Difficile de passer à côté de la tempête Highguard cette semaine, même si Wildlight Entertainment se serait bien passé d’une telle publicité. Le nouveau Hero-Shooter, sorti le 26 janvier dernier, a connu des débuts pour le moins houleux. Présenté comme le fameux « One More Thing » des derniers Game Awards — une place prestigieuse habituellement réservée aux jeux ultra ambitieux et/ou attendus —, le jeu a souffert d’un décalage immense entre l’attente générée et la réalité du produit.
Résultat ? Un accueil glacial de la presse et une colère noire des joueurs. Le titre affiche un User Score calamiteux de 2.4/10 sur Metacritic. Si ce score est en partie dû à un review bombing sanctionnant la stratégie marketing beaucoup trop impactante de Geoff Keighley, il serait malhonnête de tout mettre sur le dos de la communication. Car une fois la manette en main, Highguard a effectivement des problèmes.
Des défauts de conception majeurs
Au-delà de la polémique, les critiques de fond sont légitimes. La direction artistique, bien que techniquement correcte, souffre d’un grave manque de lisibilité. Les retours sont unanimes : il est souvent difficile de distinguer les ennemis à distance, les personnages se fondant dans le décor. Ajoutez à cela un offset de certaines armes mal calibré, et vous avez là un cocktail de problèmes impardonnables pour un jeu de tir compétitif.
Mais le plus gros point noir concernait le rythme. Conçu initialement pour du 3v3, le jeu proposait des cartes immenses, totalement inadaptées à un nombre si restreint de joueurs. Conséquence : les phases de loot et de déplacement devenaient interminables et vides, cassant toute la dynamique des affrontements.

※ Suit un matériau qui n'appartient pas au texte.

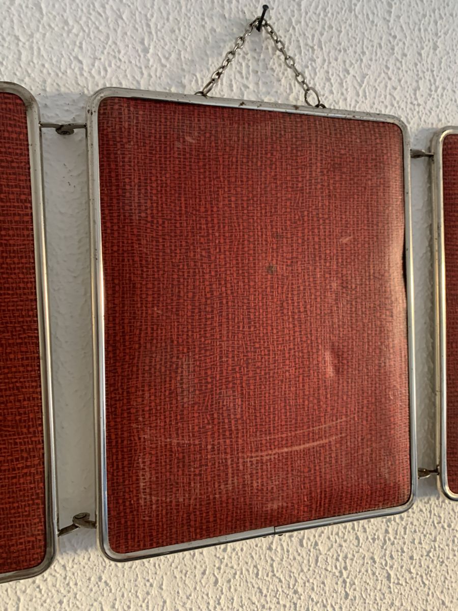 Miroir vintage 1950 triptyque barbier coiffeuse brique - 27

Conscient que son bébé était en train de couler, le studio n’a pas tardé à réagir. Moins d’une semaine après la sortie, Wildlight a déployé un premier patch correctif et a pris une décision radicale : l’introduction d’un mode 5v5. Initialement prévu comme un événement temporaire pour le week-end, ce mode a tout changé. En passant de 6 à 10 joueurs sur la carte, Highguard a retrouvé des couleurs. La densité des combats a augmenté, les phases de vide ont disparu et le rythme est devenu bien plus engageant.
L’effet sur la communauté a été immédiat. Les évaluations Steam, jusqu’alors « Plutôt négatives », sont remontées à « Moyennes », et il y a désormais plus d’évaluations positives que négatives. Face à ce plébiscite, Wildlight Entertainment a confirmé que le mode 5v5 devenait permanent.
Un sentiment d’Early Access qui persiste
Si l’incendie est maîtrisé, le feu couve toujours. Highguard donne le sentiment désagréable d’être sorti trop tôt, ressemblant davantage à une early access qu’à un produit fini. Outre les errances artistiques, l’absence de lore, ainsi que celle d’un véritable système de progression pour récompenser les joueurs fidèles pèse lourd.
Wildlight Entertainment a d’ailleurs reconnu que le nombre de joueurs était « en dessous des attentes ». Le studio semble cependant combatif et déterminé à patcher rapidement pour améliorer l’expérience, prouvant qu’ils écoutent leur communauté et souhaitent faire revenir les joueurs. Mais dans un marché des jeux-services moins rempli qu’avant mais toujours saturé, la patience des joueurs est une ressource limitée.
Des chiffres inquiétants
La route vers la rédemption s’annonce longue et escarpée. Si le passage au 5v5 a ralenti l’hémorragie, il n’a pas suffi à inverser la vapeur. Selon SteamDB, le jeu voit toujours son nombre de joueurs diminuer, affichant un pic timide de 6 700 joueurs simultanés au cours des dernières 24 heures. Heureusement, la fonctionnalité cross-play permet pour le moment de maintenir des temps d’attente raisonnables pour lancer une partie. Reste à savoir si Wildlight réussira à transformer ce sauvetage d’urgence en succès durable, avant que les serveurs de Highguard ne se vident définitivement.